15 March 2013 11:51 [Source: ICIS news]
AMSTERDAM (ICIS)--New polyethylene terephthalate (PET) capacity being developed in Turkey and Egypt may counteract the impact on western European supply from other potential permanent closures, a buyer said on Friday.
He added that the additional tonnes may also be a threat to importers to Europe.
Artenius's 80,000 tonne/year Greek PET plant remains down with no indication as to whether or not it will restart, sources said, speaking on the sidelines of the ICIS PET Value Chain conference in Amsterdam, the Netherlands.
Artenius' parent company, La Seda de Barcelona, is negotiating to stay afloat in what is a very challenging time for PET producers who have been forced to operate at unsustainable margins.

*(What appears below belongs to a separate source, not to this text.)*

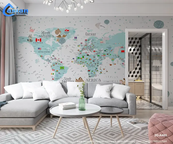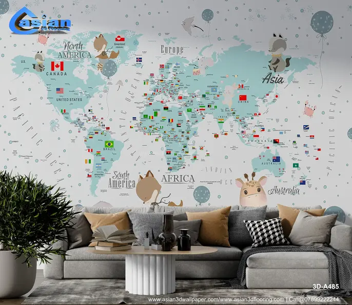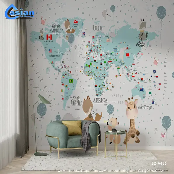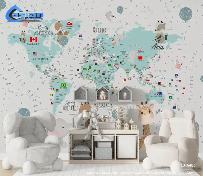 World Map Kids Wallpaper with Cute Animal Illustrations||3D - A485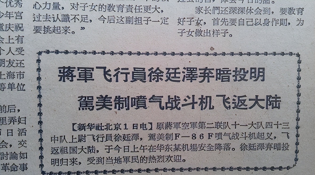 1963年6月1日,一场惊险刺激的事件在两岸掀起了轩然大波。一架美国制造的F-86F喷气式战斗机穿越台湾海峡,降落在了大陆的福州机场,机上的飞行员竟是一位名叫徐廷泽的台湾空军上尉。他单枪匹马完成了这次危险的穿越,成为新中国成立以来第一位驾机起义回到大陆的空中英雄。这一举动引起了两岸舆论的广泛讨论,人们都好奇地想知道,这位飞行员为何要冒着生命危险,驾驶飞机回到大陆呢?

Polyplex is to start up its 210,000 tonne/year PET plant in Turkey by the middle of August 2013, according to Amit Prakash, the company’s general manager and profit centre head.
The unit is scalable up to 300,000 tonnes/year, he added in his presentation at the conference.
Total demand for PET film in Europe in 2013 is estimated at 270,000 tonnes/year, of which Turkey accounts for 30,000 tonnes/year, he said.
Egypt's EIPET PET plant in Sokhna, Egypt, will be up and running in July, a reliable source added, speaking on the sidelines.
The unit has two lines of 210,000 tonnes/year apiece.
Turkey's Koksan delayed the start-up of its new PET resin plant in Gaziantep, Turkey, to the middle of June for technical reasons. Commissioning is scheduled for the beginning of May. As well as delays caused by technical problems with piping and welding, weather issues hampered the start-up of the first of two 216,000 tonne/year PET lines.
Koksan is planning to start a second identical line in 2015, pending favourable market conditions. Although building has yet to start on this, the utility facilities are all in place to service both lines. The first line was originally due to be started up in the second half of 2012, but this was delayed to April 2013.
Around 30-35% or more of the PET will be destined for the domestic market and the remaining volume will be for export to the Middle East, CIS, Africa, Europe and Asia. Another 40-60% will be dedicated to the production of preforms. The new capacity is next to Koksan's PET preforming and bottling facilities in Gaziantep.